ACTIVITY:
Leaving out the pictures, return word for word the stretch of entries below from the line holding "一度作ったパターンだったので、4時間位で2着出来ちゃいました! #みんなのカットソー |" through the line holding "Ramadan sweets background.".

*** Opening MATERIAL PROVIDED ***

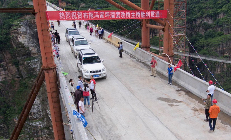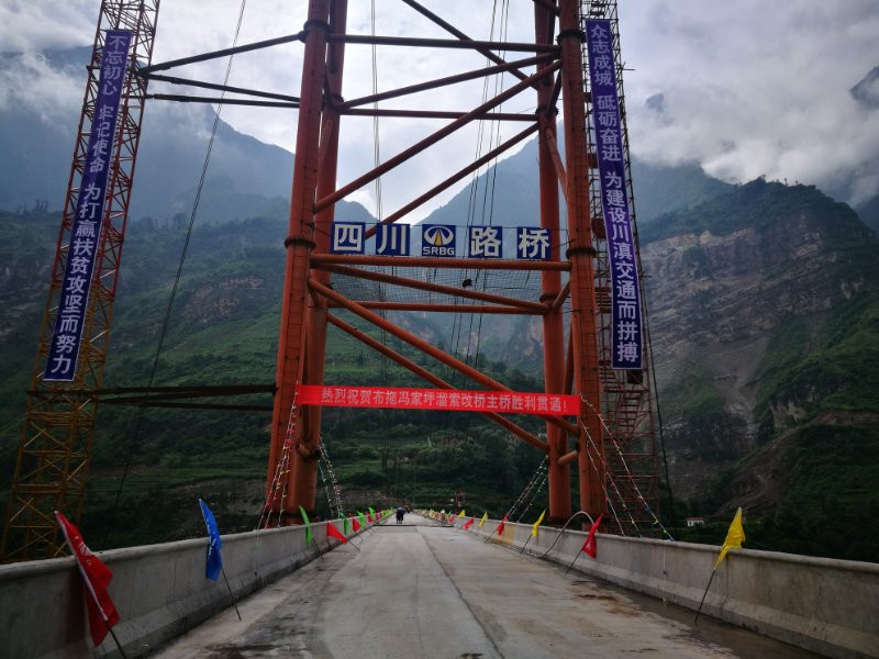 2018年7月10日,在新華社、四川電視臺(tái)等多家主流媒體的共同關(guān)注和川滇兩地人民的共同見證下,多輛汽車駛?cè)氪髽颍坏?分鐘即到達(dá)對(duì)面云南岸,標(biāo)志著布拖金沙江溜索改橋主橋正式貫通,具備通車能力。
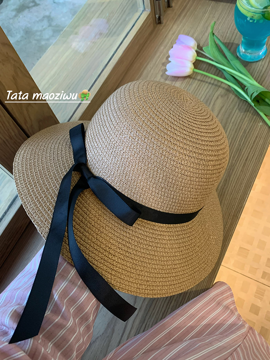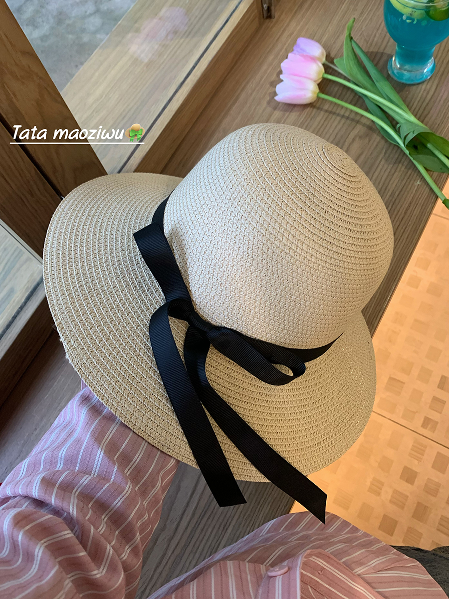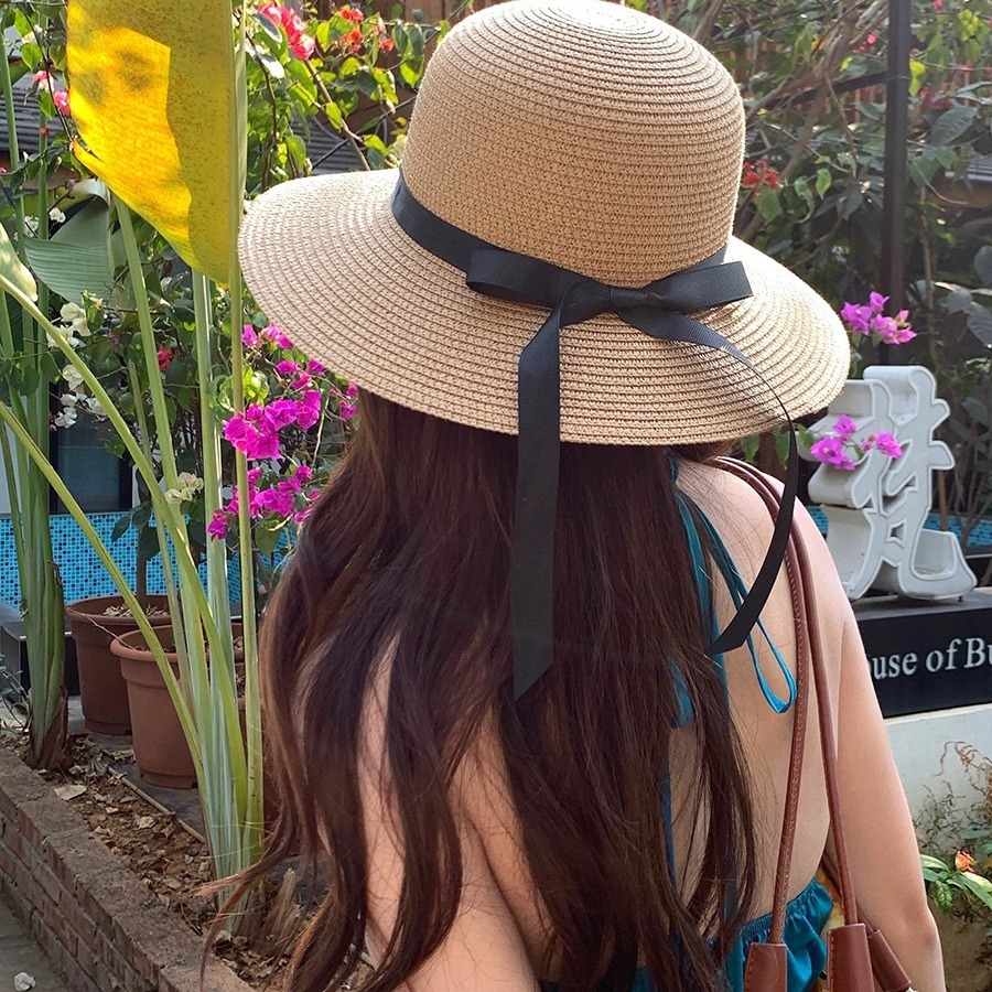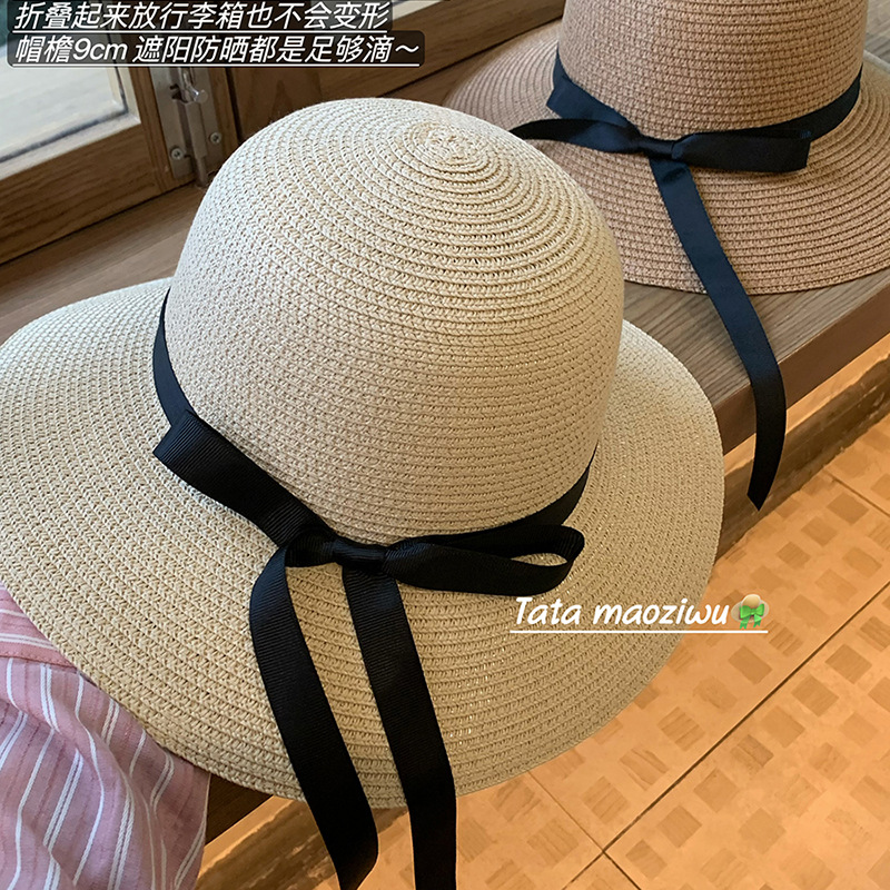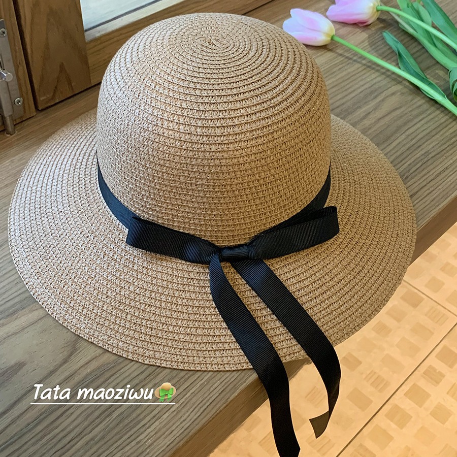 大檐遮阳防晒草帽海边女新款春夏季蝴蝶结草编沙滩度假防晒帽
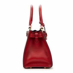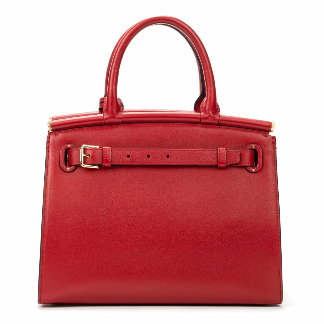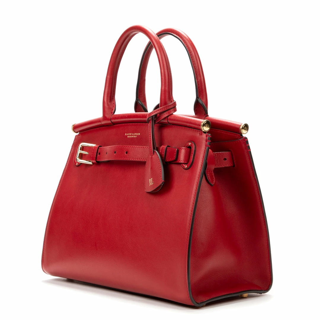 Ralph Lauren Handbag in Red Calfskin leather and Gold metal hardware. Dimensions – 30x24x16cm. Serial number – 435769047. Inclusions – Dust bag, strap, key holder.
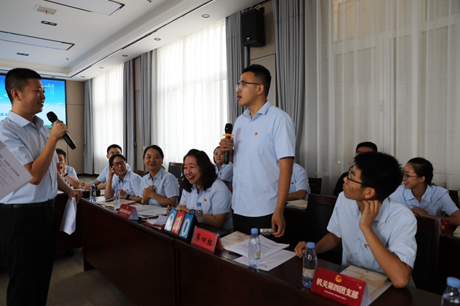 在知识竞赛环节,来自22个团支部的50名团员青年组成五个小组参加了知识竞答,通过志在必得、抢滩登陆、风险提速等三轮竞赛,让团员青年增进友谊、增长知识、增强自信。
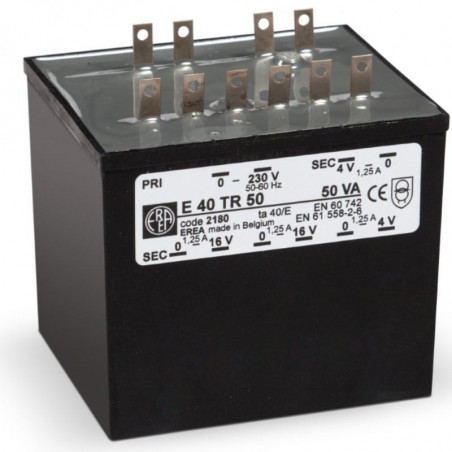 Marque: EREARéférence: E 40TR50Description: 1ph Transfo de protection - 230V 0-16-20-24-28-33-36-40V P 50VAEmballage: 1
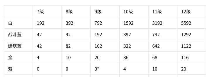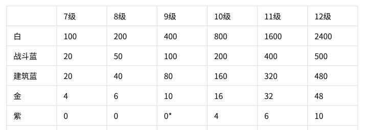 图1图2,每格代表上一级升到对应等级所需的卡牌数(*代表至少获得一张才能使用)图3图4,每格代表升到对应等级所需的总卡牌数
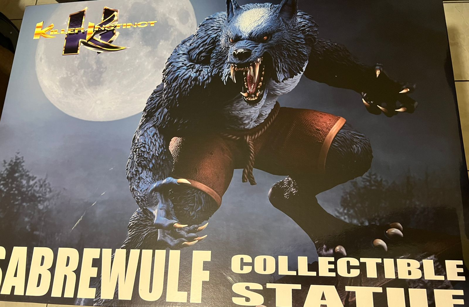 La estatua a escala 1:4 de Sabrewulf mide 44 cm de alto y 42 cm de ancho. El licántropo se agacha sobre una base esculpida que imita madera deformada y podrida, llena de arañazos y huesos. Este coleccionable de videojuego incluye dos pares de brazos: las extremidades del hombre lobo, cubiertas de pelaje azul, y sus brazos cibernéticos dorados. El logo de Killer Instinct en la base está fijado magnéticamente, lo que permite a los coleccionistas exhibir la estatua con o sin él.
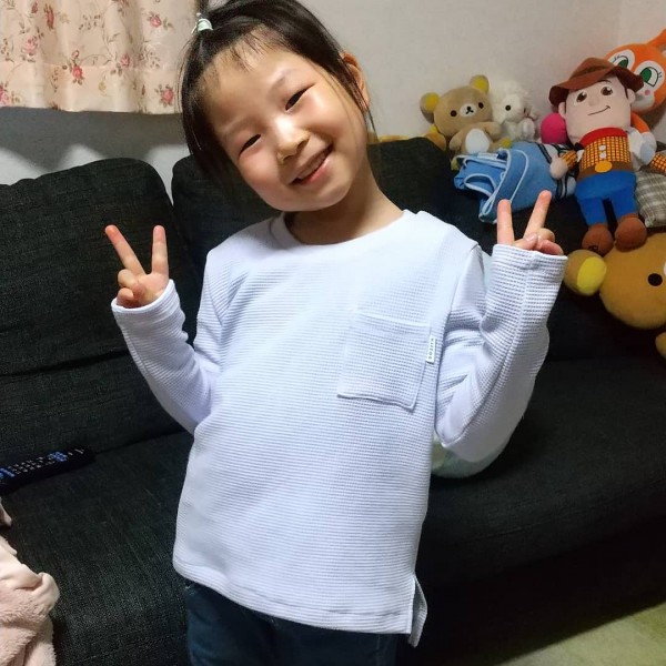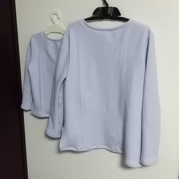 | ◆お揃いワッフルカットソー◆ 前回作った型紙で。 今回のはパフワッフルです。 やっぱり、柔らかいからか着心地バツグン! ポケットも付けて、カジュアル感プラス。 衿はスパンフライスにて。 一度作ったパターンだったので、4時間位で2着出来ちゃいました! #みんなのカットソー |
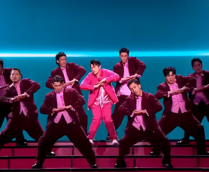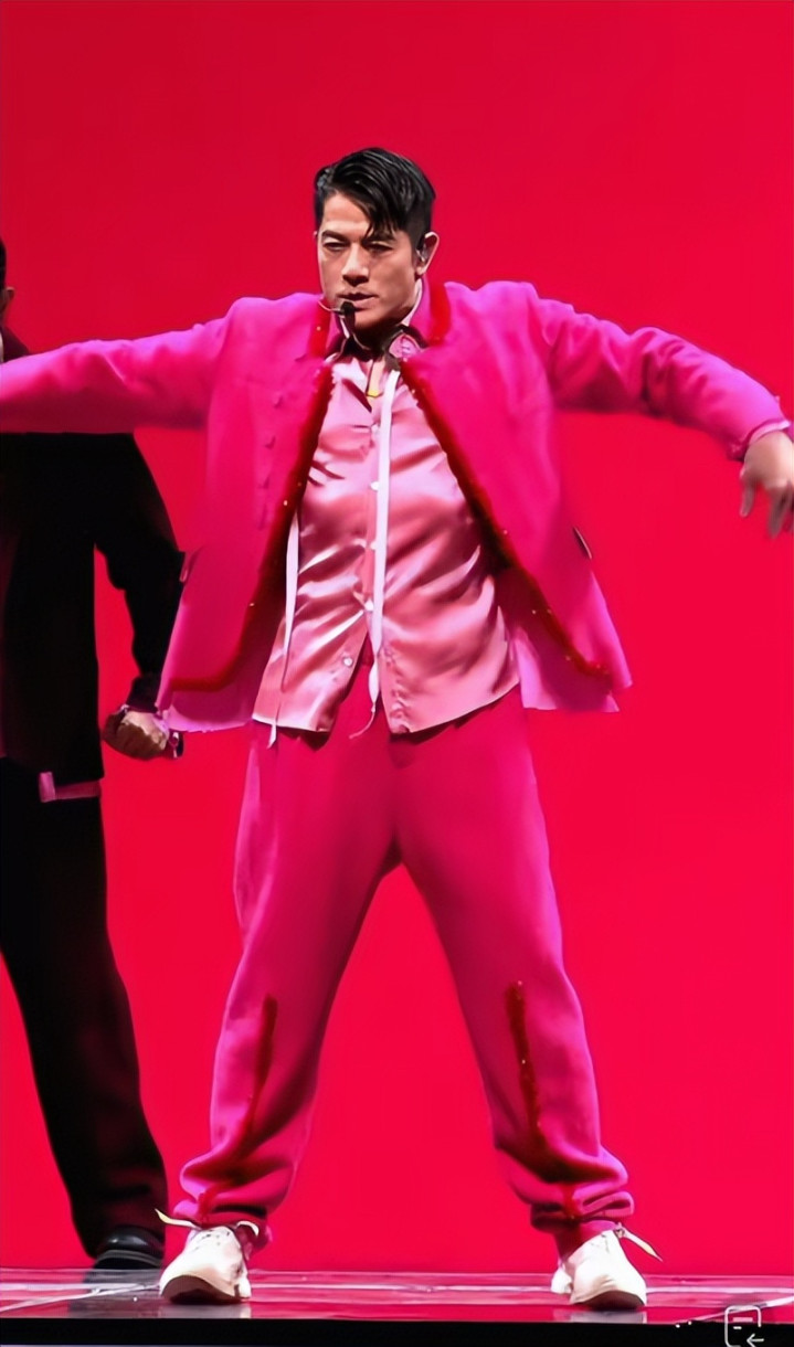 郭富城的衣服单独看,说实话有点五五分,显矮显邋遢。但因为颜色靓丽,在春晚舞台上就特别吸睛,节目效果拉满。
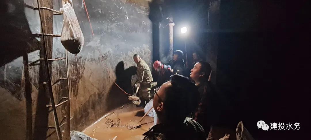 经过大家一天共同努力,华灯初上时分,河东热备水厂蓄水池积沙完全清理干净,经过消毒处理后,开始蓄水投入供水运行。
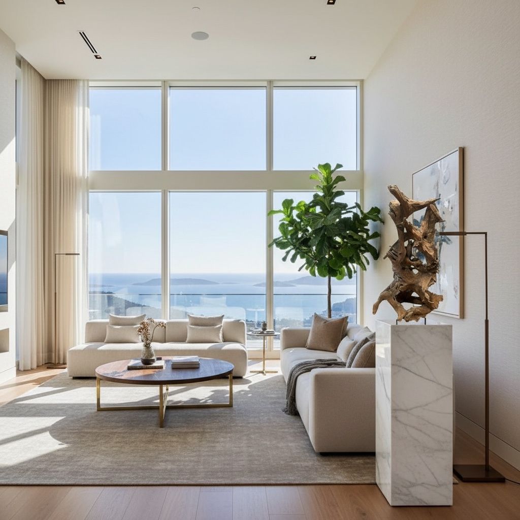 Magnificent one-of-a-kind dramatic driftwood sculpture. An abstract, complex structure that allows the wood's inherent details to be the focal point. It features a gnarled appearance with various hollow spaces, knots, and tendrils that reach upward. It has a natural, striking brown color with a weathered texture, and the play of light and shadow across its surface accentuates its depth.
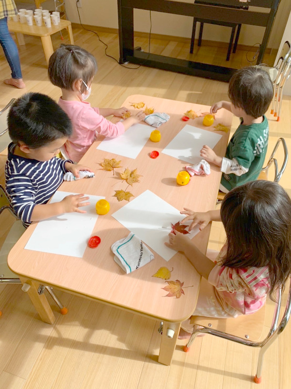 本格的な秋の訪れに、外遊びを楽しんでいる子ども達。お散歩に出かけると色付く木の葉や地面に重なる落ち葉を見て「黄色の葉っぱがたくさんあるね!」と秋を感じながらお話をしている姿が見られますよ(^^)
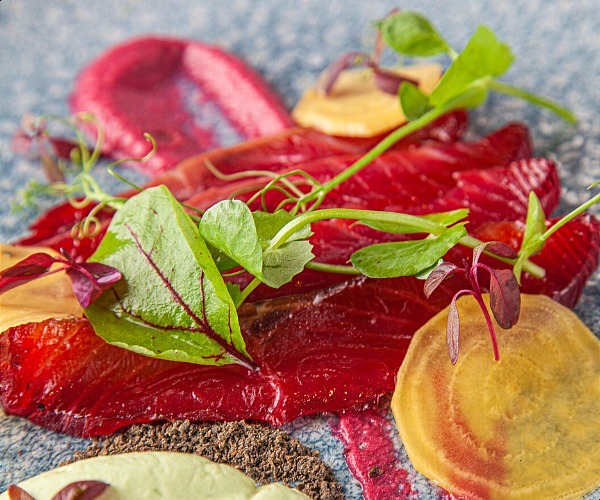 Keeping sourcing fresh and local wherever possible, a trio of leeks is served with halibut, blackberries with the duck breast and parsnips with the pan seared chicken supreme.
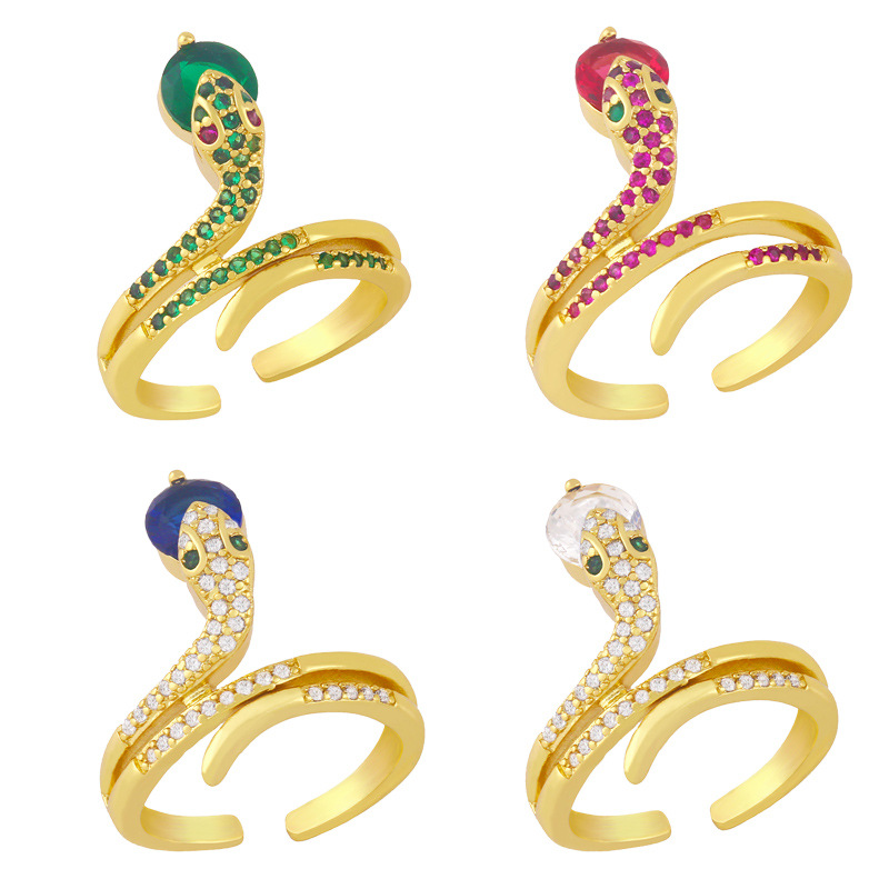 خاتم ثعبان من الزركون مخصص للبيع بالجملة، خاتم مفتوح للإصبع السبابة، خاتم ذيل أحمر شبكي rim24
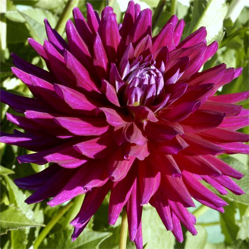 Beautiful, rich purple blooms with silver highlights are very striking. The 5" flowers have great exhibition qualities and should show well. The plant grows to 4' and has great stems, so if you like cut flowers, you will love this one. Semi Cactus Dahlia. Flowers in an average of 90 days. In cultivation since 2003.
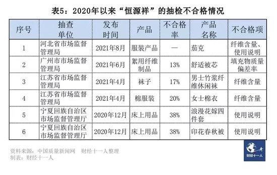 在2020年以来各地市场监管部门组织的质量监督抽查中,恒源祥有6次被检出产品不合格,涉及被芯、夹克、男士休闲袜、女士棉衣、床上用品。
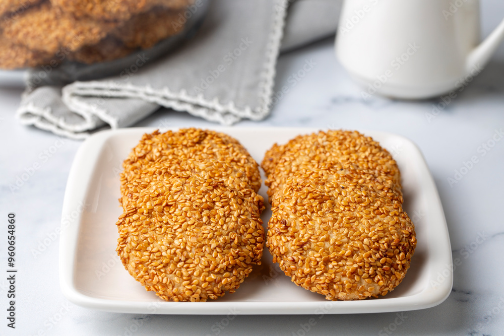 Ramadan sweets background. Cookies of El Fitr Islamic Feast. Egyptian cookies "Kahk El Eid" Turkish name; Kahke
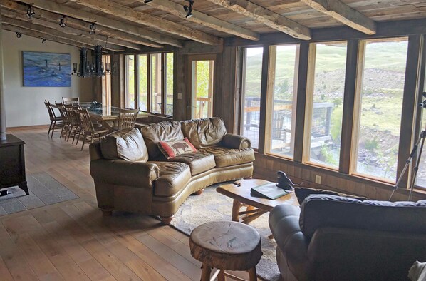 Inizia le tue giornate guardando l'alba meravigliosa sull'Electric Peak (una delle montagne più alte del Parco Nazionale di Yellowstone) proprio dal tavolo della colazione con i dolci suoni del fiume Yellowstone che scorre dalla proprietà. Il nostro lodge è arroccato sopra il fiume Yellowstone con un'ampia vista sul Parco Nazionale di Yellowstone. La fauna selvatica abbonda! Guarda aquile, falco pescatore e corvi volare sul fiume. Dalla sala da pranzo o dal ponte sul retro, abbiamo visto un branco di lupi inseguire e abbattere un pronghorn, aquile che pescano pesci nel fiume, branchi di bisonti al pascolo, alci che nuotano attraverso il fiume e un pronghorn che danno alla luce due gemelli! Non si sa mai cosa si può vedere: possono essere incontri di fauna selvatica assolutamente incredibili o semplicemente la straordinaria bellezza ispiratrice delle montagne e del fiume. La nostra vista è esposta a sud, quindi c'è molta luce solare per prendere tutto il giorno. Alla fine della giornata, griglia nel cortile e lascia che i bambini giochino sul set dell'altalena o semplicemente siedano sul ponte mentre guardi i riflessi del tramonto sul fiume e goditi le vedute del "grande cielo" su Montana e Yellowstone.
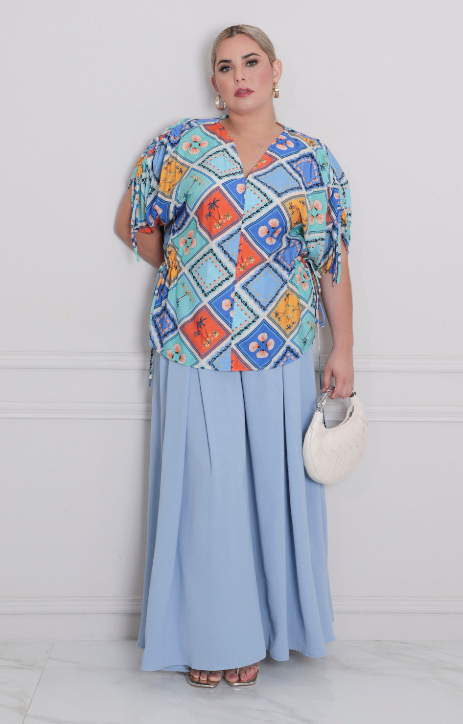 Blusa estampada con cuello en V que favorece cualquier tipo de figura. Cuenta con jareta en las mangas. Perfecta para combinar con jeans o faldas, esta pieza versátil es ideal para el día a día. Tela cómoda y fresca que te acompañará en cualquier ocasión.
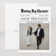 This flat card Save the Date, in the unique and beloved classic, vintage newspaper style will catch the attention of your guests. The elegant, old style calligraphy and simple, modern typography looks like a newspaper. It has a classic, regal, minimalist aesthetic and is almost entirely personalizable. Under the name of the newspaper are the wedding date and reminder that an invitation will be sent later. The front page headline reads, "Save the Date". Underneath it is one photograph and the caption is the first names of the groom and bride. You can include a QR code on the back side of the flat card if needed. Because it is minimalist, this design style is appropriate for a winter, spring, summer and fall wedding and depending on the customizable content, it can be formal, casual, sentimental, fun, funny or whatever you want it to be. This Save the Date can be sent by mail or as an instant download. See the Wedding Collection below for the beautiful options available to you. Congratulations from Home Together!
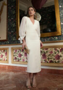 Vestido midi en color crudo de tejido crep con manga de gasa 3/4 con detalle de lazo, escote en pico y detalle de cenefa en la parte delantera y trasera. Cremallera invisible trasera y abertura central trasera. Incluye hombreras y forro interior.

*** Closing MATERIAL PROVIDED ***

ANSWER BOX:
 | ◆お揃いワッフルカットソー◆ 前回作った型紙で。 今回のはパフワッフルです。 やっぱり、柔らかいからか着心地バツグン! ポケットも付けて、カジュアル感プラス。 衿はスパンフライスにて。 一度作ったパターンだったので、4時間位で2着出来ちゃいました! #みんなのカットソー |
 郭富城的衣服单独看,说实话有点五五分,显矮显邋遢。但因为颜色靓丽,在春晚舞台上就特别吸睛,节目效果拉满。
 经过大家一天共同努力,华灯初上时分,河东热备水厂蓄水池积沙完全清理干净,经过消毒处理后,开始蓄水投入供水运行。
 Magnificent one-of-a-kind dramatic driftwood sculpture. An abstract, complex structure that allows the wood's inherent details to be the focal point. It features a gnarled appearance with various hollow spaces, knots, and tendrils that reach upward. It has a natural, striking brown color with a weathered texture, and the play of light and shadow across its surface accentuates its depth.
 本格的な秋の訪れに、外遊びを楽しんでいる子ども達。お散歩に出かけると色付く木の葉や地面に重なる落ち葉を見て「黄色の葉っぱがたくさんあるね!」と秋を感じながらお話をしている姿が見られますよ(^^)
 Keeping sourcing fresh and local wherever possible, a trio of leeks is served with halibut, blackberries with the duck breast and parsnips with the pan seared chicken supreme.
 خاتم ثعبان من الزركون مخصص للبيع بالجملة، خاتم مفتوح للإصبع السبابة، خاتم ذيل أحمر شبكي rim24
 Beautiful, rich purple blooms with silver highlights are very striking. The 5" flowers have great exhibition qualities and should show well. The plant grows to 4' and has great stems, so if you like cut flowers, you will love this one. Semi Cactus Dahlia. Flowers in an average of 90 days. In cultivation since 2003.
 在2020年以来各地市场监管部门组织的质量监督抽查中,恒源祥有6次被检出产品不合格,涉及被芯、夹克、男士休闲袜、女士棉衣、床上用品。
 Ramadan sweets background. Cookies of El Fitr Islamic Feast. Egyptian cookies "Kahk El Eid" Turkish name; Kahke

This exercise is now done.